What you will do: Your task is to transcribe all the entries exactly, excluding pictures.

=== Begin Enclosure ===

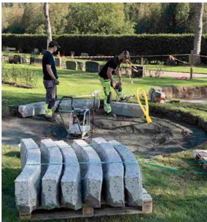
Företaget Sten och Väg AB arbetar med askgravplatsen tillsammans med kyrkvaktmästarna.
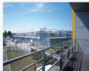
Cité Manifeste à Mulhouse, l'intervention de Lacaton/Vassal

Sécheron, une dynamique à deux vitesses Francesco Della Casa
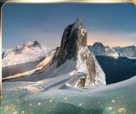
เกาะเซนญา
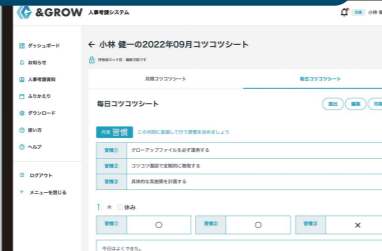
毎日コツコツシート画面
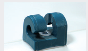
Crochet façade acier
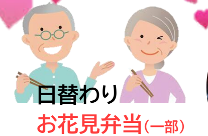
日替わり お花見弁当(一部)
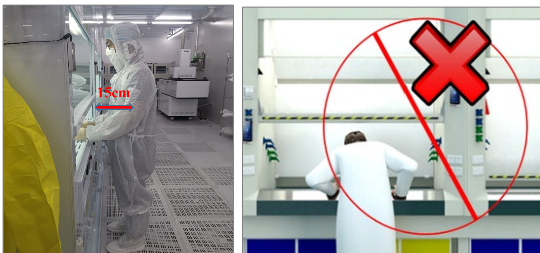
图 2 安全距离及禁止的危险行为

=== End Enclosure ===

Response area:
Företaget Sten och Väg AB arbetar med askgravplatsen tillsammans med kyrkvaktmästarna.
Cité Manifeste à Mulhouse, l'intervention de Lacaton/Vassal

Sécheron, une dynamique à deux vitesses Francesco Della Casa
เกาะเซนญา
毎日コツコツシート画面
Crochet façade acier
日替わり お花見弁当(一部)
图 2 安全距离及禁止的危险行为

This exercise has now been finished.